Bugzilla is my log book / conscience, so I raise many bugs about what I would like to do, many of which are enhancements. Many are actually fixed but not resolved/closed. There are too many OMG+Eclipse, OCL+QVT bugs now for me to do my annual review so any bug analysis statistics will be suspect.

I endeavour to look at all bugs from non-idiot users promptly, however some get lost, so a ping may be prudent.

Dealing with a bug is much easier if the bug reporter makes it attractive: a clear short description of the problem and a simple repro which is/can be converted to a JUnit test case to demonstrate the problem and to stop any recurrence.

However as per I encourage an exploratory forum message first, since if dealing with a misunderstnading / functional impossibility there is no point wasting time on a repro for a known problem or a clear INVALID/WONTFIX.

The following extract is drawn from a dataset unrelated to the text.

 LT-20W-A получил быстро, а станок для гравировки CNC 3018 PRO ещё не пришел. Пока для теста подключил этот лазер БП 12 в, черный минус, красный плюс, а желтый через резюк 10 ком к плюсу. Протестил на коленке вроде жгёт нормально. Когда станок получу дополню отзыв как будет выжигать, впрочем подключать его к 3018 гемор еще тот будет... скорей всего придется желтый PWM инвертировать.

Ultimately, if I feel that there is a real user with a real problem, I try hard to find a fix. If a fix seems hard, it may take a few years for a sensible inspiration to strike such as solving the "why can't QVTo do M2T" issue..


Ed Willink
Re: Bug fixing strategy? [message #1832295 is a reply to message #1832170] Tue, 15 September 2020 14:48 Go to previous messageGo to next message
Patrick Tessier is currently offline Patrick TessierFriend
Messages: 269
Registered: July 2009
Location: Paris Saclay, France
Senior Member
Hello Olivier,
Bug management for the Papyrus team is indeed a complex task:
- Anyone: users and developers can add bugs. This is practical because it allows the community to make the tool more robust and to be transparent about the development in progress.
- Nevertheless this causes a large number of bugs to follow. This task takes a lot of resources. On average it takes us 15 minutes to understand a bug. Read the instructions and reproduce it on the tool. Some bugs are easy to reproduce thanks to the readable instructions and others are much more difficult to reproduce: need to recreate the bug conditions.

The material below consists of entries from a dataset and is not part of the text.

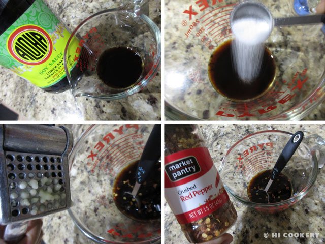 In a measuring cup, combine the soy sauce, rice vinegar and sugar. Stir in the minced garlic.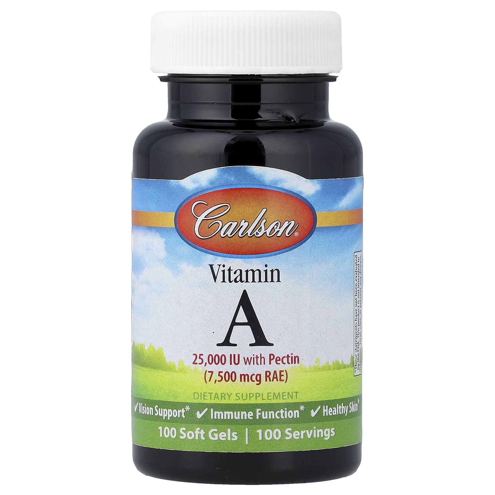 Carlson, витамин A, 7500 мкг RAE (25 000 МЕ), 100 мягких таблеток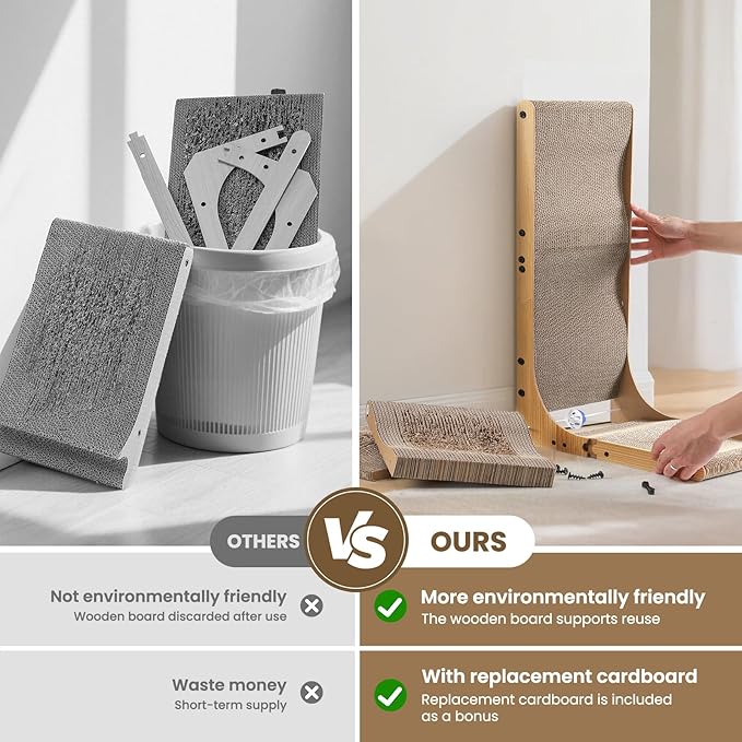 - Comes with Replacement Cardboard: Save money and reduce waste with our cat scratching post, featuring a reusable wooden frame and replaceable cardboard cat scratcher insert. Instead of buying an entirely new cat scratcher, simply swap out the worn cardboard—keeping your cat happy and your wallet fuller! Plus, the sturdy wood edging is built to last, helping you make a more sustainable choice for the planet.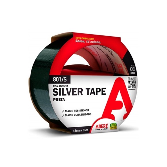 FITA ADESIVA SILVER TAPE PRETA 45MMx5M ADERE

Resources are unfortunately not infinite and we live as a research organization based on projects or contracts.
Our contracts and our projects therefore strongly influence the resolution of our bugs or tasks. This is why you can see that we are more focused on one aspect of Papyrus more than another.
I would also like to point out that the contracts are not only MDE innovation but also bug fixes.

Our current goal for papyrus is to improve its stability, and to create and reorganize its documentation.
We also want to split the monolithic code base as much as possible/necessary to compile it in parts and to be able in the future for more modularity.
We still have a lot of work to do and all help is welcome as bug reports for example.

Papyrus team
Re: Bug fixing strategy? [message #1832650 is a reply to message #1832295] Tue, 22 September 2020 18:22 Go to previous message
Olivier Cailloux is currently offline Olivier CaillouxFriend
Messages: 23
Registered: July 2009
Junior Member
Thank you both for your answers. I fully understand the problem of finite resources.

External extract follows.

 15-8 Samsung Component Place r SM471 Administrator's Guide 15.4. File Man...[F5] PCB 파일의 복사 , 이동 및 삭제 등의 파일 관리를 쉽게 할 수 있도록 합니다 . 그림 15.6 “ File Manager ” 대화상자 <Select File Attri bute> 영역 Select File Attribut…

As indicated in my original post, I have been somewhat disappointed by some lack of attention drawn to some bug reports of mine (for example, this one). But I realize that no process is perfect. I am reassured to know that the developers are willing to pay attention to them.

In the coming days I will try to bump my previous attempts at reports about possible bugs, both in the forum and in the bug tracking tool.